### EXERCISE DATA:

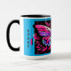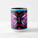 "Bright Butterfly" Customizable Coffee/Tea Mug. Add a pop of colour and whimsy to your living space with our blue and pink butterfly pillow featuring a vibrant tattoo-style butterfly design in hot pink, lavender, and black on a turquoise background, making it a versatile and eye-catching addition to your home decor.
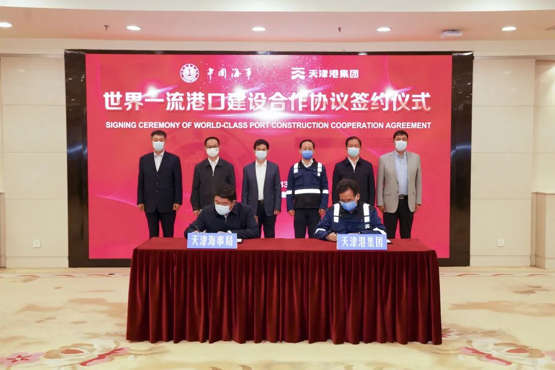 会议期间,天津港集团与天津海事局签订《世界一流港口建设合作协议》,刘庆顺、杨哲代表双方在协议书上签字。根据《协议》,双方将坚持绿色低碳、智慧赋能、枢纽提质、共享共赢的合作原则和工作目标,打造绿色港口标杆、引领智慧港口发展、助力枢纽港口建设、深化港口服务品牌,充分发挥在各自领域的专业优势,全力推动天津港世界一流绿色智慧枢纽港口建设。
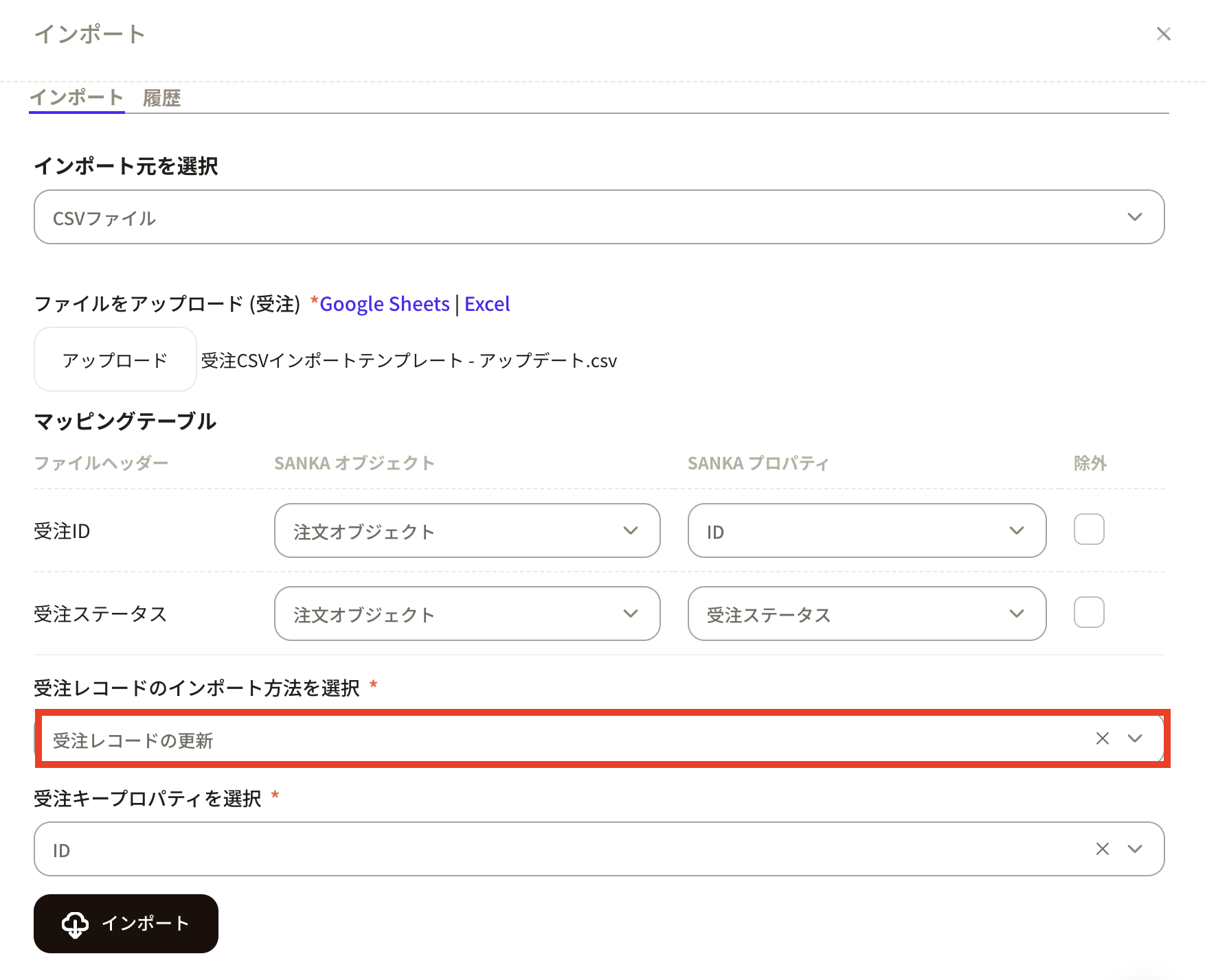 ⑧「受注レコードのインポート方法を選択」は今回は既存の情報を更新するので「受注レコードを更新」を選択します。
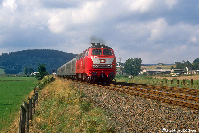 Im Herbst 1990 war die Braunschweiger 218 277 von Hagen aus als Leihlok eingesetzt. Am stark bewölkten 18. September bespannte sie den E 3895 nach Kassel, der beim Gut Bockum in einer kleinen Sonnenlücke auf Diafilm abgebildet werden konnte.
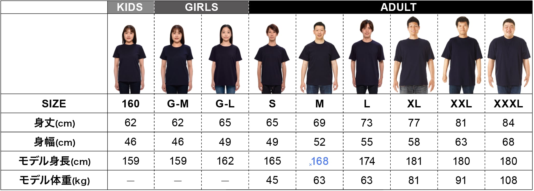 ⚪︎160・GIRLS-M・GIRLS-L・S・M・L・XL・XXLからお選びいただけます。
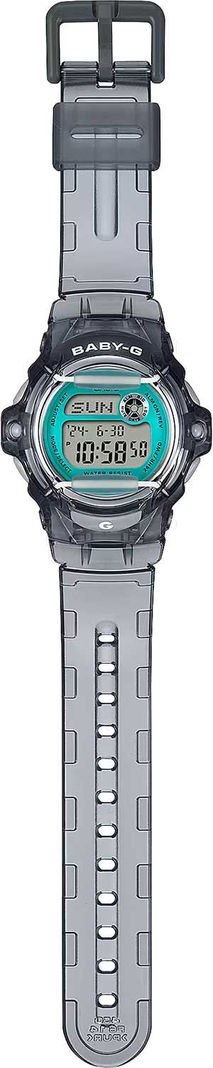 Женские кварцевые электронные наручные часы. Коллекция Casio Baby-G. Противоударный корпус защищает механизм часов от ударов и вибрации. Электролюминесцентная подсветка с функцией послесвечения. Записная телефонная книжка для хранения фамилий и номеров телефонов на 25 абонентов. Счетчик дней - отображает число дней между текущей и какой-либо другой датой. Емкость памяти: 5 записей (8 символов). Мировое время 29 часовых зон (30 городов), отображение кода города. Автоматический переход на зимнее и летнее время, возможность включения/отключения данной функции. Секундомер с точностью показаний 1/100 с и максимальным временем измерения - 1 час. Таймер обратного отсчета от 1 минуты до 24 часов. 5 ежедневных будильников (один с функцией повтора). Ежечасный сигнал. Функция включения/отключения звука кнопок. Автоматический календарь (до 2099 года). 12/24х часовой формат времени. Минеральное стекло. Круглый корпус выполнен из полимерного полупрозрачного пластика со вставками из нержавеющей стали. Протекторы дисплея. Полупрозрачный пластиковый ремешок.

### TRY IT:
Transcribe each record exactly as it stands, setting aside any pictures.

### EXPECTED ANSWER:
 "Bright Butterfly" Customizable Coffee/Tea Mug. Add a pop of colour and whimsy to your living space with our blue and pink butterfly pillow featuring a vibrant tattoo-style butterfly design in hot pink, lavender, and black on a turquoise background, making it a versatile and eye-catching addition to your home decor.
 会议期间,天津港集团与天津海事局签订《世界一流港口建设合作协议》,刘庆顺、杨哲代表双方在协议书上签字。根据《协议》,双方将坚持绿色低碳、智慧赋能、枢纽提质、共享共赢的合作原则和工作目标,打造绿色港口标杆、引领智慧港口发展、助力枢纽港口建设、深化港口服务品牌,充分发挥在各自领域的专业优势,全力推动天津港世界一流绿色智慧枢纽港口建设。
 ⑧「受注レコードのインポート方法を選択」は今回は既存の情報を更新するので「受注レコードを更新」を選択します。
 Im Herbst 1990 war die Braunschweiger 218 277 von Hagen aus als Leihlok eingesetzt. Am stark bewölkten 18. September bespannte sie den E 3895 nach Kassel, der beim Gut Bockum in einer kleinen Sonnenlücke auf Diafilm abgebildet werden konnte.
 ⚪︎160・GIRLS-M・GIRLS-L・S・M・L・XL・XXLからお選びいただけます。
 Женские кварцевые электронные наручные часы. Коллекция Casio Baby-G. Противоударный корпус защищает механизм часов от ударов и вибрации. Электролюминесцентная подсветка с функцией послесвечения. Записная телефонная книжка для хранения фамилий и номеров телефонов на 25 абонентов. Счетчик дней - отображает число дней между текущей и какой-либо другой датой. Емкость памяти: 5 записей (8 символов). Мировое время 29 часовых зон (30 городов), отображение кода города. Автоматический переход на зимнее и летнее время, возможность включения/отключения данной функции. Секундомер с точностью показаний 1/100 с и максимальным временем измерения - 1 час. Таймер обратного отсчета от 1 минуты до 24 часов. 5 ежедневных будильников (один с функцией повтора). Ежечасный сигнал. Функция включения/отключения звука кнопок. Автоматический календарь (до 2099 года). 12/24х часовой формат времени. Минеральное стекло. Круглый корпус выполнен из полимерного полупрозрачного пластика со вставками из нержавеющей стали. Протекторы дисплея. Полупрозрачный пластиковый ремешок.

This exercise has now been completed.